Well it appears that you know best and I have learned never argue with a guy who went to the university of the internet. Good luck and have fun doc.

Geez man alright. By that same token you are a bit of a naysayer, but go in peace brother

You’re getting sound reasoning and don’t like it. Says more about you than them.

Research isn’t about oversimplification to cherry pick your findings. This isn’t Relaxin. You are drawing too many conclusions without hard data.

I’ve been cut and shot in the name of this game. There’s levels, lines and risk to pain. Dismiss it if you like. But that’s foolish. And disingenuous to any novice readers.
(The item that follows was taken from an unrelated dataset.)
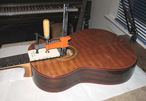 Today (Sunday) I prepared to glue on the neck. First, I had to make a couple of cauls for gluing on the fingerboard extension. Then I bolted the neck on and used my Exacto knife to carefully scribe around the fingerboard extension. I removed the neck and then used paint stripper to remove the finish within the scribed lines. After very carefully scraping off the bubbled finish with a 1/2" chisel, I wiped the area with a dampened paper towel, to neutralize any possible remaining stripper residue, and set it aside to dry. After about 15 minutes, I put glue on the fingerboard extension, bolted the neck on, and applied the cauls and clamps, as you see below.

You posted to get our ideas but you seem to have all the information you need. Best of luck with your experiment.

I posted to get an answer to this question:

“If anyone is an expert in peptides or has a background in oncology, it would be great to get your input on the use of short peptides like these on the risks they would possibly have if any.”

I don’t have all the information is what I am trying to say.

For all my comments and replies, I shouldn’t have been so abrasive so I apologize for that. I was more excited about the potential benefits than the risks.

Yes it has only been used in rats, and what works in rats may not work in humans, but it is also true it can work in humans.
Short or long peptides according to Jimmybob55 makes no difference. So that is something. I wish he clarified how though.

Thanks for your comments. My apologies about earlier.